These factors mean the current compensation model fails to incentivize and even risks being punitive to executives who invest for the long-term. Collectively, they have the effect of diverting resources disproportionately towards near-term performance, as shown in Exhibit 3.

Graphic illustrating resource allocation under Traditional Executive compensation model

Fixing Executive Incentives and Resource-Allocation Processes to Enable Investment in Long-term Transformation

A more effective model would mitigate the issues outlined above by first dividing total company resources into two discrete, appropriately balanced tranches – one for optimizing short-term core business performance, and the other for fueling long-term transformation – based on a commonly agreed-upon vision and set of goals for each. This can be achieved via a “future-back” strategic planning process.

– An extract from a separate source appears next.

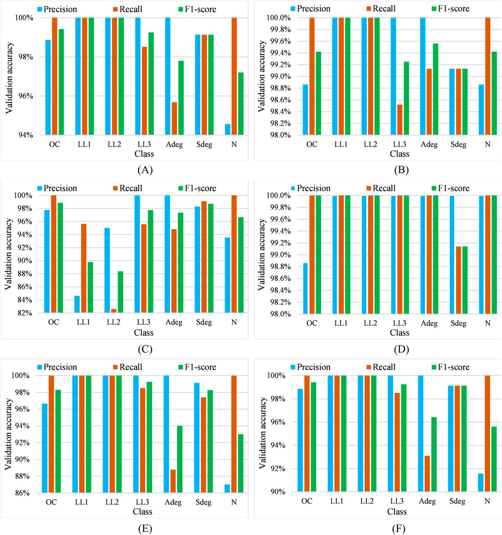 Figure 14. Class-wise validation metric values in different combination techniques (A) Product rule (B) Max rule (C) Min rule (D) Mean rule (E) Median rule (F) Majority voting rule.

Second, it would swap out the ineffective LTIP in favor of restricted stocks that incentivize the efficient use of resources earmarked for transformation. See Exhibit 4 for a summary.

1. Introduce Future-Back Strategic Planning and Resource Allocation. Executive teams and boards of directors need to “right-size” resource allocation for driving short-term core business performance and long-term transformation and growth. In other words, they need to align on what constitutes an acceptable level of short-term core business performance on the one hand, and the required pace and scale of transformation on the other, and the resource split required for each of those two priorities.

To achieve such a split requires a longer-term strategy than is found in many organizations, where “strategy setting” is a planning exercise that only looks one to three years out, assumes a degree of stability that is absent in markets facing disruptive change, and doesn’t contemplate more significant changes to market and business model choices required for long-term viability. Companies need to instead look beyond their traditional planning horizons and develop more complete perspectives on how their markets are likely to evolve. We call this type of thinking “future-back.” When done well, it ensures alignment between the board and the executive team, while providing clarity as to the short-term core business performance conditions that the annual bonus is tied to – which will likely be more modest than in previous years, given the deliberate allocation of resources to transformation. 

This addresses the first two issues outlined above, of competing incentives operating on the same resource variable, and aggressive annual bonus performance targets that leave little scope for meaningful resource allocation to transformation.

Table of summarizing the blockers and solutions to resource allocation and executive compensation

2. Swap Out LTIPs in Favor of Restricted Stock. Splitting resources and tying the annual bonus to short-term performance targets commensurate with the tranche for short-term core business performance shields executives from the potential downsides of investing in transformational innovation. This is because using resources intended for long-term transformation no longer requires the executive to potentially trade-off short-term performance required to maximize the annual bonus. However, encouraging executives to truly make efficient use of transformation resources means not only eliminating downside risk, but also ensuring meaningful upside potential for doing so. As outlined above, performance-related LTIPs are ineffective in doing this. To align the long-term interests of executives with those of shareholders, companies should shift the future-facing component of compensation from LTIPs to restricted stock. These are non-transferrable shares that must be held for multiple years, consistent with the long time horizons of strategic transformation programs.  

Restricted stock programs are gaining momentum. In the U.S., the Council of Institutional Investors has begun to advocate for their use in executive compensation plans.

Compared to LTIPs, wherein equity awards vest several years in the future subject to performance conditions, restricted stocks typically vest (that is, become fully owned by and start paying dividends to the executive) over shorter time horizons or in tranches – for example, 33 percent at the end of each of years one, two, and three. Importantly, restricted stocks are not subject to performance conditions that are variously unachievable and uncontrollable, complex to manage alongside short-term performance metrics, gameable at the expense of long-term shareholder value, and potentially irrelevant given changes in business priorities during the years between which they are set and assessed.

All this means that they are not subject to significant psychological discounting for risk and time. Rather, because they already own the stock, executives are incentivized to behave in ways that will maximize its value until they can sell it. Their actions will increase or decrease the value of an asset that they already own, as opposed to one they might never receive. Given this increased certainty, restricted stocks are typically expected to have a face value of around 50 percent of the LTIPs they replace. Restricted stock can either be awarded to the executive as a component of their annual compensation package, or companies can create an even more powerful sense of ownership by mandating that they buy restricted stock with some part of their annual bonus.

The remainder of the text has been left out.